Première affaire (Cass. com., 7 janvier 2026, pourvoi n° Z 23-22.723) : Une dame en région PACA loue un appartement à un organisme HLM. Mais au lieu d'y habiter tranquillement, elle transforme le logement social en chambre d'hôtel sur Airbnb. Le bailleur social découvre le pot aux roses et n'apprécie que moyennement qu'un logement destiné aux revenus modestes serve à financer les vacances d'un couple de Néerlandais.

Seconde affaire (Cass. com., 7 janvier 2026, pourvoi n° D 24-13.163) : À Paris, même scénario. Une locataire sous-loue son appartement sans l'accord de sa propriétaire. Résultat : des touristes défilent, les voisins se plaignent, et la proprio commence à se dire que quelque chose cloche quand elle voit son immeuble sur TripAdvisor avec la mention "Excellent emplacement touristique".

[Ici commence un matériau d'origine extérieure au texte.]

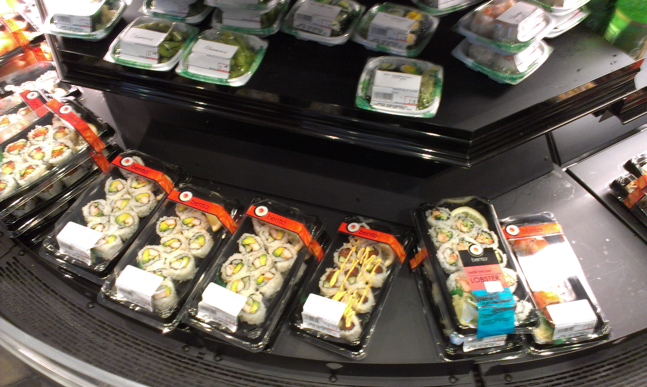 As far as Bento’s other sushi offerings, there’s a good variety, but it’s definitely sushi for North American palates. You won’t find much that doesn’t have salmon, tuna, shrimp, or artificial crab. It all looks very appetizing though, and with the high turnover (at least in these opening days) it’s a step above typical packaged, refrigerated sushi.

Les cours d'appel, elles, ne sont pas d'accord :

  • Paris (CA Paris, Pôle 4 - chambre 4, 3 janvier 2023, n° 20/08067) dit : "Airbnb est complice, on condamne !"
  • Aix-en-Provence (CA Aix, 21 septembre 2023, n° RG 21/14093) dit : "Airbnb n'est qu'un hébergeur neutre, on relaxe !"

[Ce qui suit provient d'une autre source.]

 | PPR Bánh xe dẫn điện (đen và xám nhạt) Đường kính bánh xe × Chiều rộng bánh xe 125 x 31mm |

Bref, c'est le bordel juridique. La Cour de cassation intervient pour mettre tout le monde d'accord.

Le verdict : Messieurs-dames d'Airbnb, dans ces affaires concrètes, vous ne pouvez PAS vous planquer derrière le statut magique d'hébergeur qui rend invisible et irresponsable. Vous jouez un rôle actif dans le schmilblick, donc vous assumez.

Traduction pour les non-juristes : Airbnb ne peut plus systématiquement brandir son bouclier d'immunité. Selon les circonstances, la plateforme peut être tenue responsable des sous-locations illégales. Notez bien le "peut", pas "sera automatiquement". On reste dans le droit, pas dans la magie noire.

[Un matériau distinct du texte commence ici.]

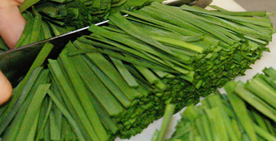 今や、中国食品のの農薬問題で高級野菜になりつつあるニラ。桝元では、辛麺も餃子もニラが命。 いくら値段が上がったからといってケチる訳にはいきません。 新鮮な宮崎、熊本産のニラをたっぷり使います。ニラもニンニク同様ヘルシーな食材、こんなにたっぷりのニラは家庭での食卓ではそう食べれないかもしれません。 |

Acte II : Les trois piliers juridiques (ou comment la loi rattrape les fuyards du numérique)

Pour ceux qui aiment comprendre comment la justice tricote ses arguments (et pour épater vos beaux-parents au prochain dîner de famille), voici les trois fondements de cette décision :

Pilier n°1 : La jurisprudence européenne qui tue

La Cour de justice de l'Union européenne a dit et répété (notamment dans CJUE, 23 mars 2010, Google France c/ Vuitton, aff. C-236/08 et CJUE, 12 juillet 2011, L'Oréal c/ eBay, aff. C-324/09) : un hébergeur, c'est quelqu'un qui stocke passivement des données. Point. Si vous optimisez, si vous triez, si vous mettez en avant certaines offres avec des petits badges brillants "Super Hôte ⭐", vous n'êtes PLUS un hébergeur passif. Vous êtes un acteur économique qui joue au chef d'orchestre.

Pilier n°2 : La loi française qui ne rigole pas

L'article 6, I, 2° de la loi n° 2004-575 du 21 juin 2004 (loi pour la confiance dans l'économie numérique, ou LCEN pour les intimes) protège les hébergeurs NEUTRES. Airbnb perd cette protection dans ces cas précis. Conséquence ? On revient au droit commun.

Pilier n°3 : Le bon vieux Code civil qui a survécu à Napoléon

Article 1240 du Code civil (anciennement article 1382, pour les nostalgiques) : toute faute cause un préjudice oblige celui par la faute duquel il est arrivé à le réparer. Simple, efficace, intemporel. Airbnb peut désormais être poursuivie sur ce fondement : faute + préjudice + lien de causalité = responsabilité.

Acte III : Pourquoi Airbnb ne peut plus jouer les innocents (les 5 indices qui fâchent)

La Cour de cassation détaille méthodiquement pourquoi Airbnb n'est PAS juste une petite plateforme toute mignonne qui ne fait que stocker des données :

1. Airbnb impose des règles plus strictes que votre CPE au collège

Délais de réponse obligatoires, conditions d'annulation imposées, équipements à fournir, note minimale à maintenir... Airbnb ne se contente pas d'héberger, elle dicte les conditions du jeu. C'est comme si votre bailleur vous disait non seulement combien vous payez, mais aussi à quelle heure vous devez vous coucher et combien de fois par semaine vous devez passer l'aspirateur.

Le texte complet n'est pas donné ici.